Nonostante questa sua presa di coscienza, non mancarono i giudizi negativi sui vari
imperatori come: Galba (giudicato per la sua debolezza politica), Otone (viene ricordato
come suo unico atto dignitoso il suicidio), Vitellio (ricordato come ingordo e dissoluto) e
Vespasiano, ma anche Tiberio (tiranno sospettoso e crudele) e Claudio (debole e succube).

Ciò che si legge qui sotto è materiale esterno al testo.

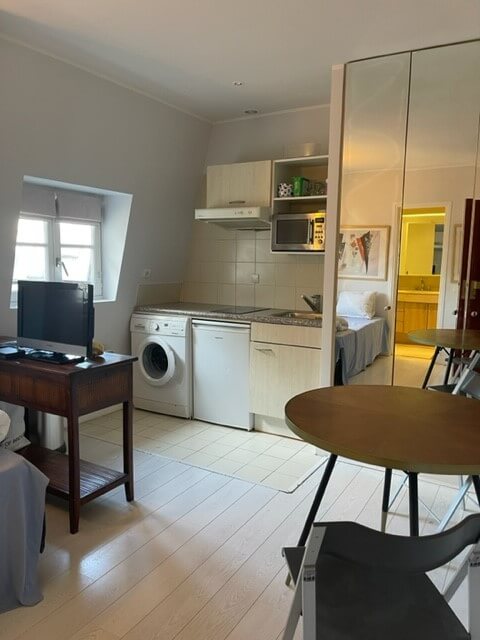 Near the famous Avenue des Champs Elysées, we suggest a redone studio with modern furniture. It is made up of a main room with a sofa bed, a fitted and equipped kitchen (washing machine, dish washer, oven, hot plates ans extractor) and a bathroom with toilets.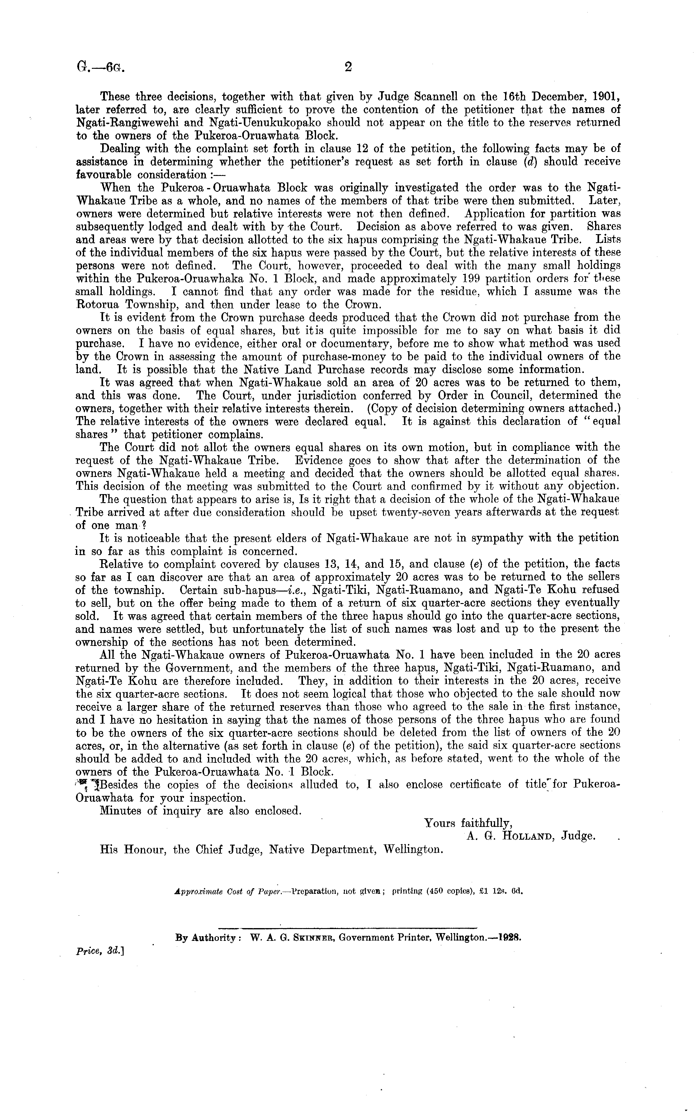 These three decisions, together with that given by Judge Scannell on the 16th December, 1901, later referred to, are clearly sufficient to prove the contention of the petitioner that the names of Ngati-Rangiwewehi and Ngati-Uenukukopako should not appear on the title to the reserves returned to the owners of the Pukeroa-Oruawhata Block. Dealing with the complaint set forth in clause 12 of the petition, the following facts may be of assistance in determining whether the petitioner's request as set forth in clause (d) should receive favourable consideration:— When the Pukeroa - Oruawhata Block was originally investigated the order was to the NgatiWhakaue Tribe as a whole, and no names of the members of that tribe were then submitted. Later, owners were determined but relative interests were not then defined. Application for partition was subsequently lodged and dealt with by the Court. Decision as above referred to was given. Shares and areas were by that decision allotted to the six hapus comprising the. Ngati-Whakaue Tribe. Lists of the individual members of the six hapus were passed by the Court, but the relative interests of these persons were not defined. The Court, however, proceeded to deal with the many small holdings within the Pukeroa-Oruawhaka No. 1 Block, and made approximately 199 partition orders for' these small holdings. I cannot find that any order was made for the residue, which I assume was the Rotorua Township, and then under lease to the Crown. It is evident from the Crown purchase deeds produced that the Crown did. not purchase from the owners on the basis of equal shares, but it is quite impossible for me to say on what basis it did purchase. I have no evidence, either oral or documentary, before me to show what method was used by the Crown in assessing the amount of purchase-money to be paid to the individual owners of the land. It is possible that the Native Land Purchase records may disclose some information. It was agreed that when Ngati-Whakaue sold an area of 20 acres was to be returned to them, and this was done. The Court, under jurisdiction conferred by Order in Council, determined the owners, together with their relative interests therein. (Copy of decision determining owners attached.) The relative interests of the owners were declared equal. It is against this declaration of "equal shares " that petitioner complains. The Court did not allot the owners equal shares on its own motion, but in compliance with the request of the Ngati-Whakaue Tribe. Evidence goes to show that after the determination of the owners Ngati-Whakaue held a meeting and decided that the owners should be allotted equal shares. This decision of the meeting was submitted to the Court and confirmed by it without any objection. The question that appears to arise is, Is it right that a decision of the whole of the Ngati-Whakaue Tribe arrived at after due consideration should be upset twenty-seven years afterwards at the request of one man ? It is noticeable that the present elders of Ngati-Whakaue are not in sympathy with the petition in so far as this complaint is concerned. Relative to complaint covered by clauses 13, 14, and 15, and clause (c) of the petition, the facts so far as I can discover are that an area of approximately 20 acres was to bo returned to the sellers of the township. Certain sub-hapus— i.e., Ngati-Tiki, Ngati-Ruamano, and Ngati-Te Kohu refused to sell, but on the offer being made to them of a return of six quarter-acre sections they eventually sold. It was agreed that certain members of the three hapus should go into the quarter-acre sections, and names were settled, but unfortunately the list of such names was lost and up to the present the ownership of the sections has not been determined. All the Ngati-Whakaue owners of Pukeroa-Oruawhata No. 1 have been included in the 20 acres returned by the Government, and the members of the three hapus, Ngati-Tiki, Ngati-Ruamano, and Ngati-Te Kohu are therefore included. They, in addition to their interests in the 20 acres, receive the six quarter-acre sections. It does not seem logical that those who objected to the sale should now receive a larger share of the returned reserves than those who agreed to the sale in the first instance, and I have no hesitation in saying that the names of those persons of the three hapus who are found to be the owners of the six quarter-acre sections should be deleted from the list of owners of the 20 acres, or, in the alternative (as set forth in clause (c) of the petition), the said six quarter-acre sections should be added to and included with the 20 acres, which, as before stated, went to the whole of the owners of the Pukeroa-Oruawhata No. 1 Block. ''* the copies of the decisions alluded to, I also enclose certificate of PukeroaOruawhata for your inspection. Minutes of inquiry are also enclosed. Yours faithfully, A. G. Holland, Judge. His Honour, the Chief Judge, Native Department, Wellington.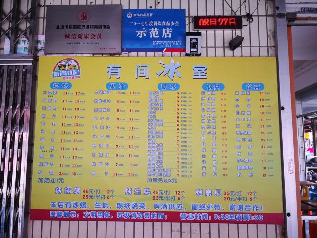🌸有间冰室的各类鲜果冰沙都是纯手工制作,招牌芒果炒冰,口感绵密,入口即化,+椰奶口感更好。 🍁有间冰室除了冰饮倍受欢迎外,这里的海鲜,海螺新鲜,平价且美味!通常三五好友,先去点些海鲜和海螺,再每人点一份炒冰,一边吃着海鲜,再品一口芒果绵冰,乃是人间幸事!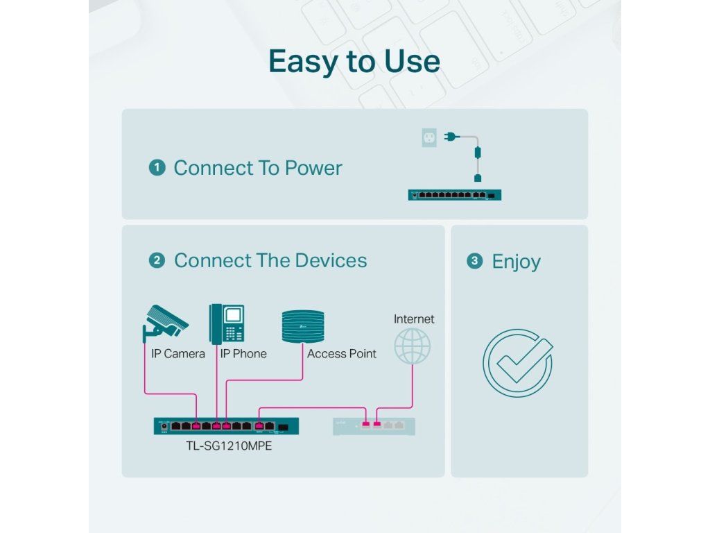 - Plug-and-Play switch TL-SG1210MPE nabízí provoz bez nutnosti konfigurace a pomocných nástrojů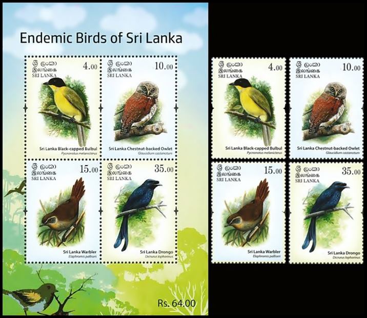 SRI LANKA/SELLOS, 2017 – AVES – ENDEMICAS – YV 2132/35 + BF 163 – 4 VALORES + BLOQUE – NUEVO – MINT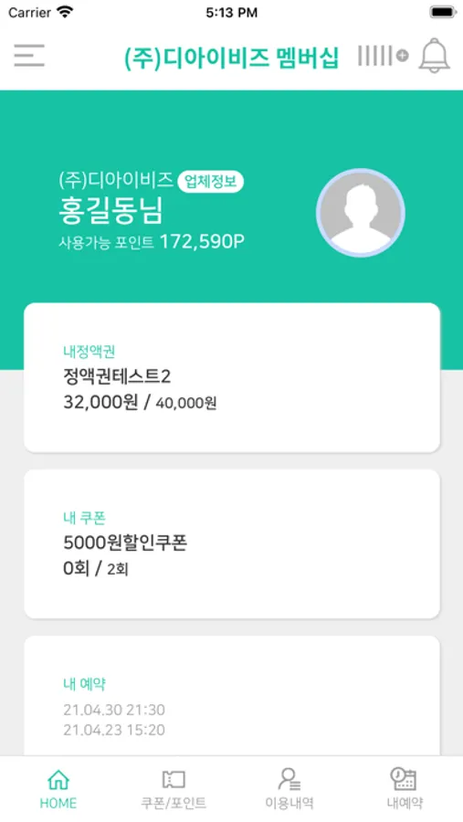 고객이 이용내역, 쿠폰, 포인트, 예약시간 등을 앱을 통해서 확인 할 수 있습니다.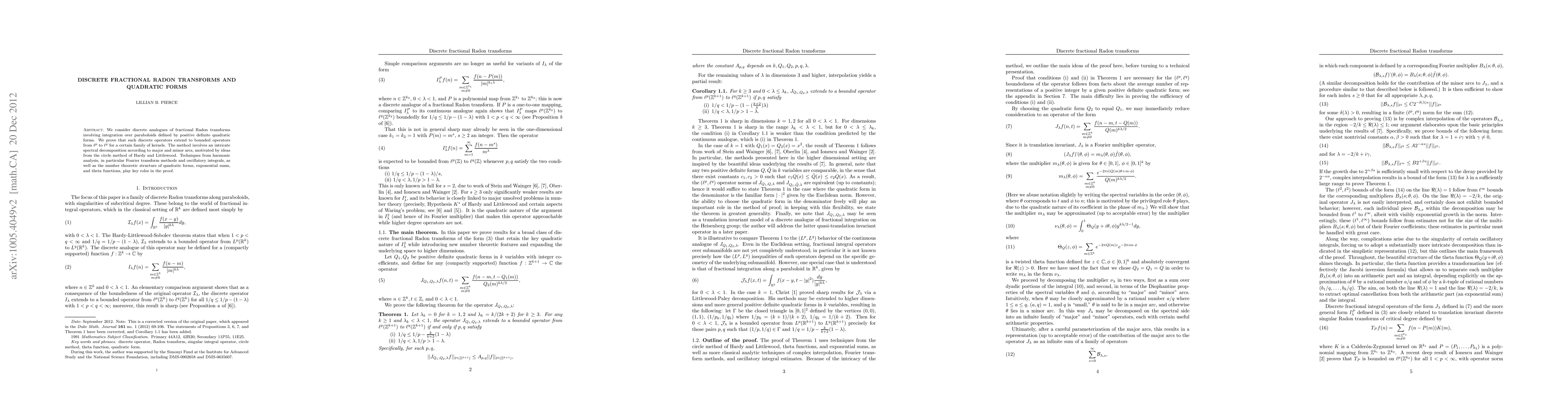 We consider discrete analogues of fractional Radon transforms involving integration over paraboloids defined by positive definite quadratic forms. We prove that such discrete operators extend to bounded operators from $\ell^p$ to $\ell^q$ for a certain family of kernels. The method involves an intricate spectral decomposition according to major and minor arcs, motivated by ideas from the circle method of Hardy and Littlewood. Techniques from harmonic analysis, in particular Fourier transform methods and oscillatory integrals, as well as the number theoretic structure of quadratic forms, exponential sums, and theta functions, play key roles in the proof.

Ma senza alcun dubbio il capolavoro della storiografia di Tacito è il racconto del regno di
Nerone, ricco di analisi psicologiche. Nerone si configura come eroe noir, oscillante tra
crudeltà e pazzia.

EXEMPLA VIRTUTIS
Tacito afferma che nonostante il difficile periodo storico, in questo periodo ci furono
comunque degli exempla virtutis, che considera come atti isolati, non diretti a cambiare la
realtà. Tacito ha una visione pessimistica della realtà e, inoltre non concepisce forme di
intervento divino sulla realtà.
Ricordiamo grazie a Tacito le figure come Germanico (si oppose a Tiberio), Corbulone (si
oppose a Nerone). Per Tacito però gli exempla virtutis più alti furono gli exitus virorum
inlustrium, ossia gli uomini illustri morti, soprattutto per suicicio. Ricordiamo Seneca,
importante è anche Trasea Peto, condannato ingiustamente da Nerone.
Questi exempla Tacito ci tiene a sottolineare che non furono di grande aiuto per i problemi
del tempo, ma furono sicuramente modelli di virtù per gli uomini dell’immediato futuro.

STILE E LINGUA
Tacito si differenzia da Cicerone per l’inconcinnitas, ossia la mancanza di equilibrio e di
simmetria. La sua narrazione è mossa, spezzata, nervosa, le proposizioni tra di loro sono
slegate e brevi, qui la brevitas, ma Tacito sembra puntare sul peso delle parole, infatti con
poche parole riesce a far capire la gravità (gravitas) della situazione. Infatti, il suo stile,
irregolare ed imprevedibile, diventa la fotografia della caotica, convulsa e disarmonica storia
che sta raccontando.
Tacito utilizza parecchi arcaismi linguistici, probabilmente per conferire più solennità alla sua
prosa. Dal punto di vista lessicale, egli predilige termini astratti a quelli concreti.